In Ecuador, alla vigilia dell’incerto ballottaggio presidenziale dello scorso fine settimana, dirigenti e militanti del partito-movimento Alianza País temevano che il contemporaneo caos istituzionale nel vicino e politicamente cugino Venezuela, potesse ripercuotersi negativamente fino a favorire l’affermazione della destra neoliberista dell’ex banchiere Guillermo Lasso.
E invece Lenín Moreno, 64 anni, tre figlie, laureato in amministrazione pubblica, ex vice del presidente uscente Rafael Correa fra il 2007 e il 2013, si è imposto con un certo agio.
E molto di questo successo lo si deve proprio a lui, che già al primo turno del febbraio scorso aveva sfiorato quel 40% dei consensi che gli sarebbero bastati per diventare subito capo di stato. E che è riuscito a resistere all’ondata del conservatore Lasso, che per il testa a testa aveva riunito intorno a sé tutte le lobby della destra ecuadoriana, a partire dalle più reazionarie.
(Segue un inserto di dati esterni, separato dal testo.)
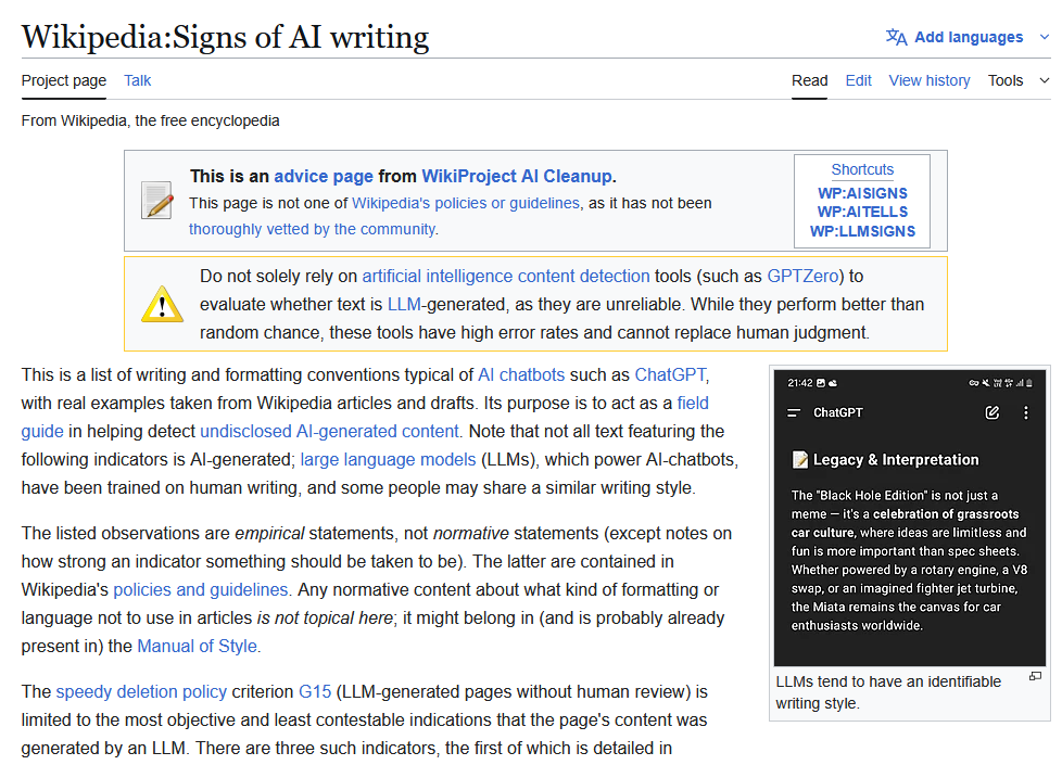 https://en.wikipedia.org/wiki/Wikipedia:Signs_of_AI_writing Резюме:
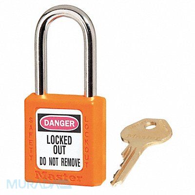 Lockout Padlock Body Color Orange Body Height 1 3/4 in Body Material Thermoplastic Body Thickness 3/4 in Body Width 1 1/2 in Header Danger Horizontal Shackle Clearance 25/32 in Key Style Standard Key Type Keyed Alike Non-Removable Key Yes Resistance Properties Chemical Resistant Shackle Diameter 1/4 in Shackle Height 1 1/2 in Shackle Material Steel Shackle Type Open Vertical Shackle Clearance 1 1/2 in Width Across Shackle 1/4 in Includes (2) Keys Labels
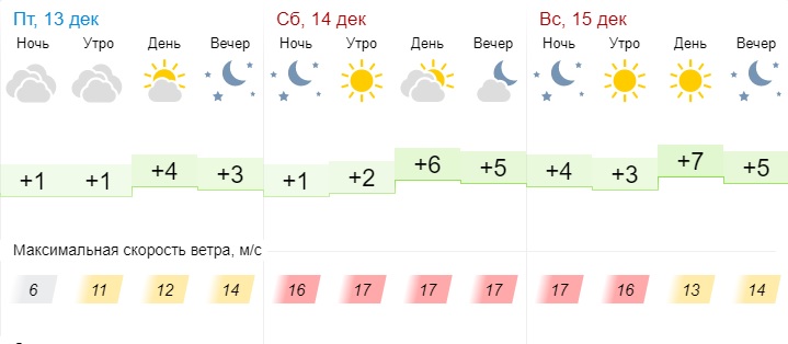 В субботу, 14 декабря, синоптики прогнозируют облачную погоду. Средняя температура воздуха днем составит +6°С, ночью +1°С. Ветер 9-16 м/с.
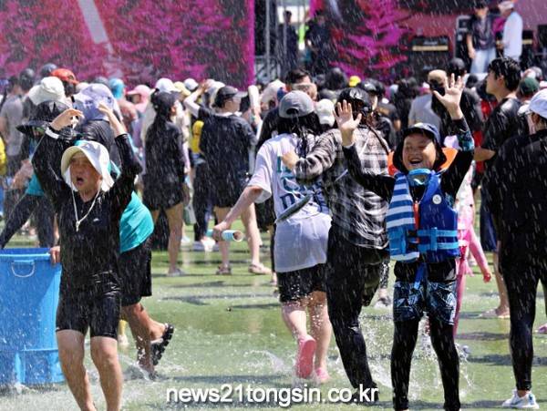 1일 장흥 물축제를 찾은 관광객들이 시원한 물줄기를 맞으며 무더위를 식히고 있다. ‘장흥은 지금 즐거움이 콸콸콸!’이란 슬로건으로 열린 올해 물축제는 8월 3일까지 탐진강과 편백숲 우드랜드 일원에서 펼쳐진다.
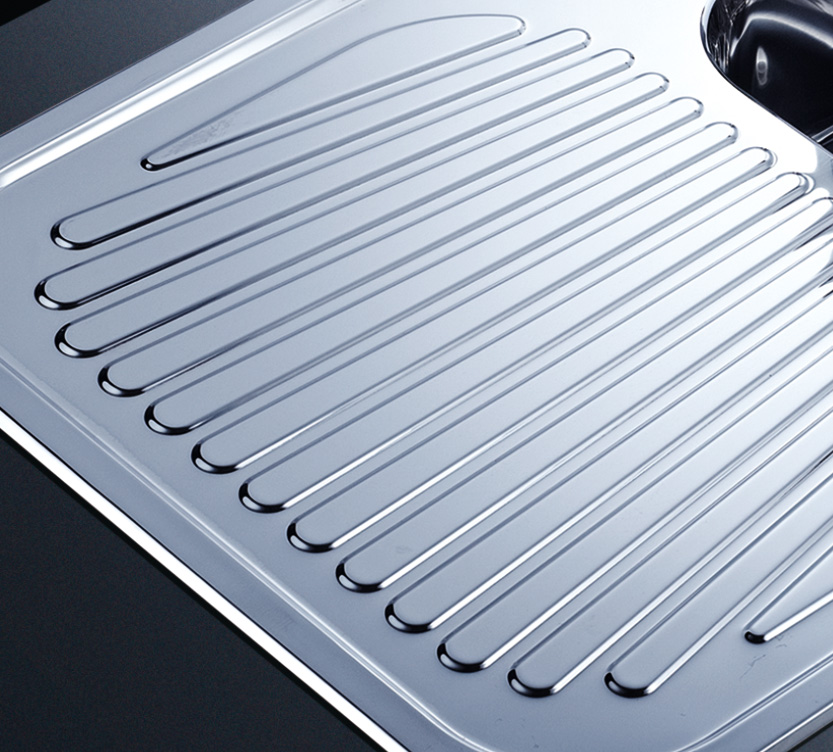 槽底采用斜面壓痕,四輻導流槽設計,與平面壓痕和無痕水槽相比,導水更為流暢,下水更迅速,能有效防止積水,消除沉淀物

Perché forse solo Lenín Moreno (fu il padre a imporgli il nome del leader della rivoluzione russa), socialista moderato, affabile, rigoroso (soprattutto nei confronti del malaffare politico-economico) e per nulla ambizioso, poteva ereditare la carica di Rafael Correa; che per cambiare le sorti di questo ingovernabile e corrotto paese non poteva che avere avuto uno stile determinato e persino irruente.
Dal 1998, vittima di una rapina a mano armata, Moreno è su una sedia a rotelle. E sulla disabilità ha incentrato molto del suo impegno politico e sociale. Tanto che l’ex segretario generale della Nazioni Unite, Ban Ky-moon, nel 2013 lo nominò proprio delegato nella Commissione Onu di Ginevra sui diversamente abili.
Correa ha saputo fare marcia indietro e rinunciare a ricandidarsi dopo 10 anni di seguito al governo. Ma poteva farlo perché sapeva di avere un successore all’altezza. Moreno è preparato, oltre che con un carattere conciliante quanto fermo. La persona giusta per dare un futuro alla Revolución Ciudadana dell’Ecuador (paese che forma parte dell’Alianza Bolivariana); e per navigare nelle agitate acque dell’America Latina, dove nell’ultimo paio d’anni lo scontro fra la sinistra (nelle sue varie accezioni) e un neoliberismo a caccia di rivincita, si è fatto arrembante.